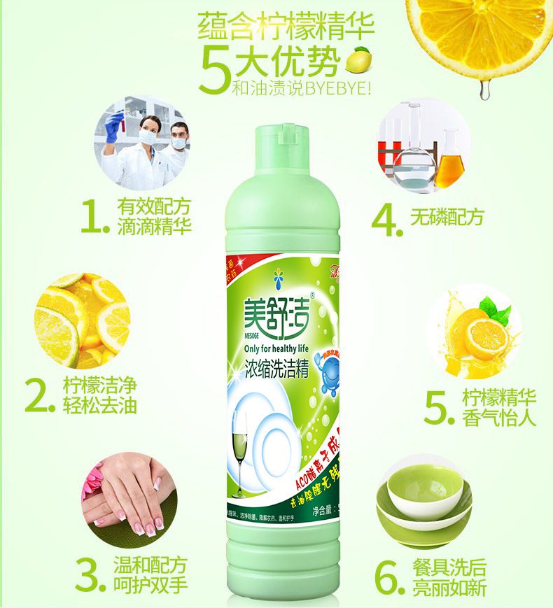 商品名称:【500g*4瓶】美舒洁 浓缩型柠檬洗洁精
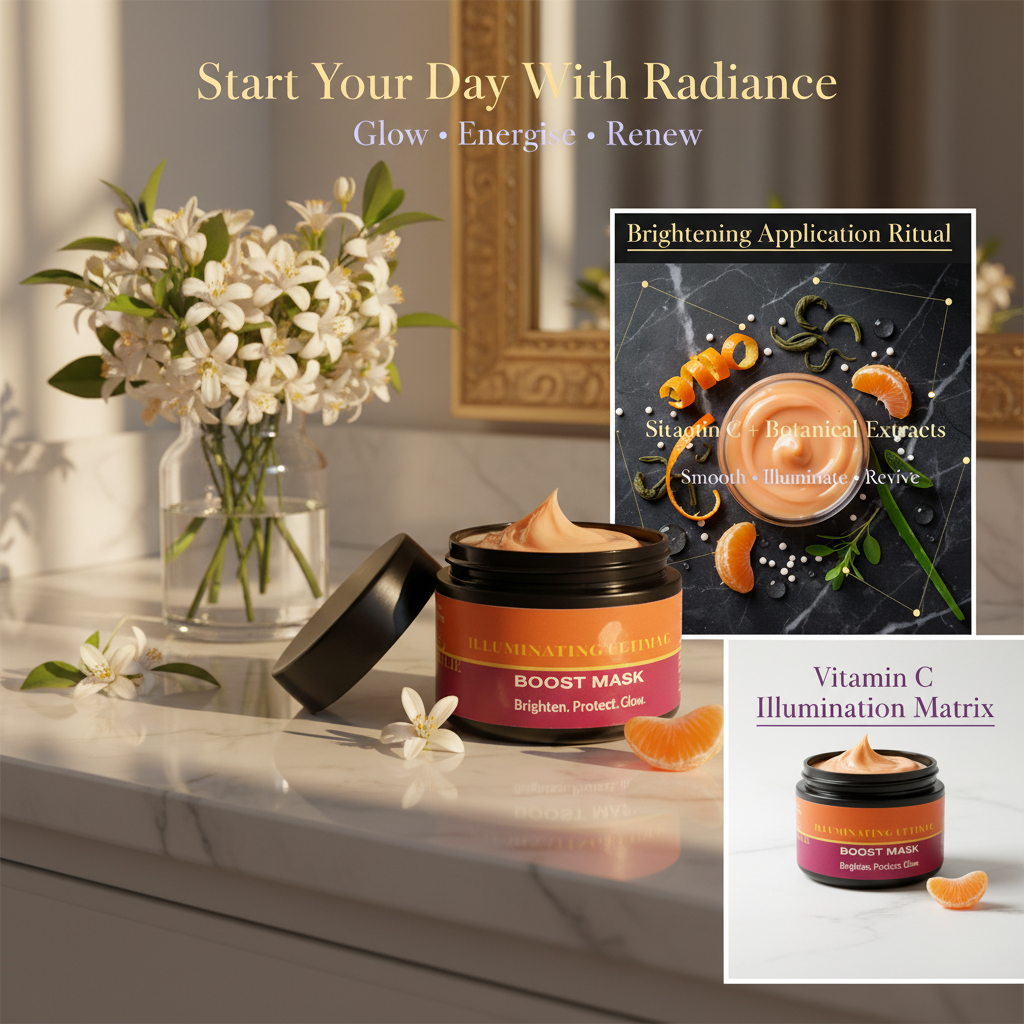 Illuminating Ultima C Boost Mask was created to solve this by delivering visible glow and tone refinement without irritation. It uses a stable vitamin C pathway supported by barrier-friendly brighteners and antioxidant botanicals, then anchors everything in hydration so the skin looks luminous—not tight, reactive, or over-treated.
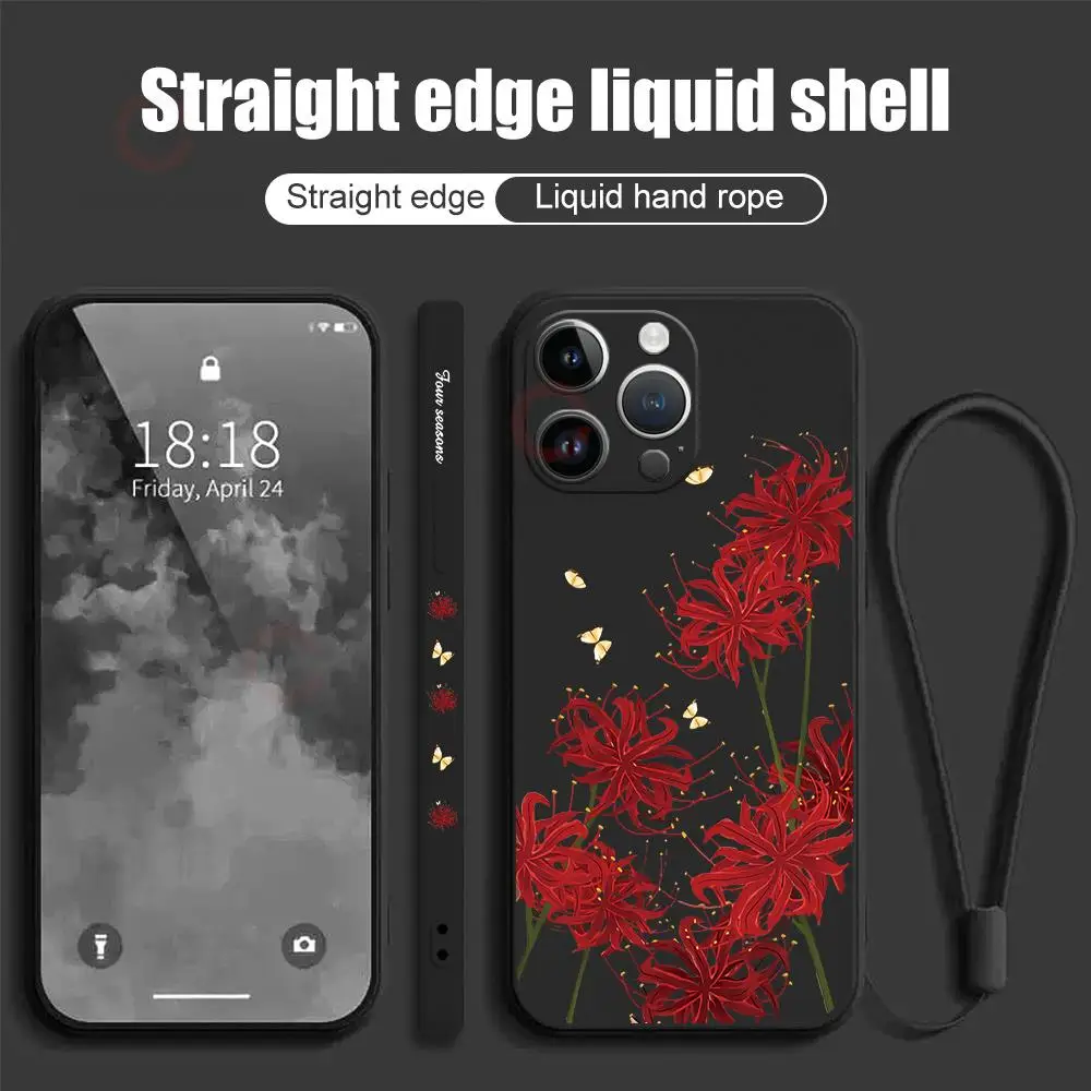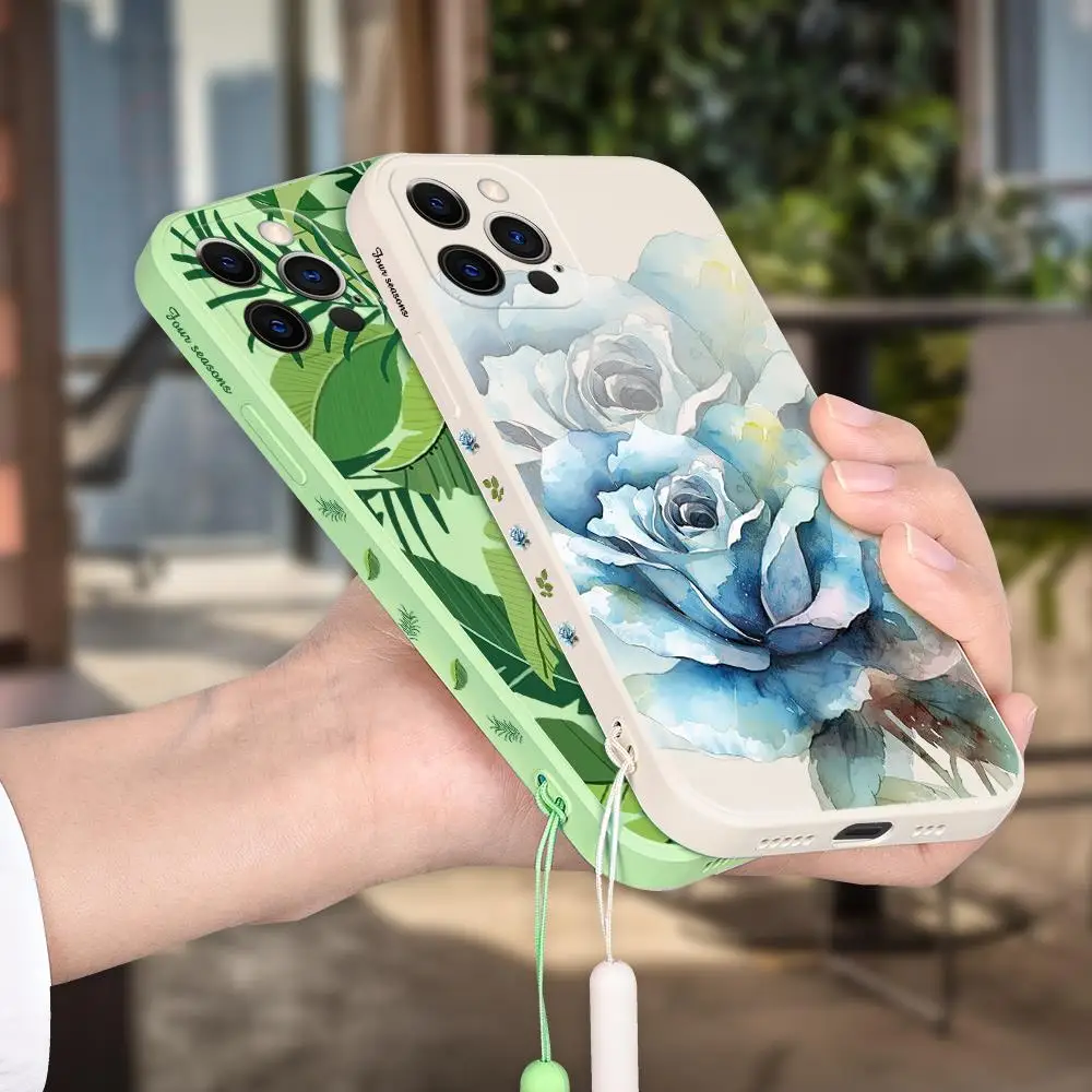 Funda de flores para Apple Iphone 14 13 12 15 11 Pro Max 14 Plus 14pro 13 Mini SE 2022 2020 X XR XS funda de silicona con cordón
= = = = =
• _TASK DIRECTIONS_
For each line above, output its wording exactly and leave out any picture.

• _SOLUTION_
 商品名称:【500g*4瓶】美舒洁 浓缩型柠檬洗洁精
 Illuminating Ultima C Boost Mask was created to solve this by delivering visible glow and tone refinement without irritation. It uses a stable vitamin C pathway supported by barrier-friendly brighteners and antioxidant botanicals, then anchors everything in hydration so the skin looks luminous—not tight, reactive, or over-treated.
 Funda de flores para Apple Iphone 14 13 12 15 11 Pro Max 14 Plus 14pro 13 Mini SE 2022 2020 X XR XS funda de silicona con cordón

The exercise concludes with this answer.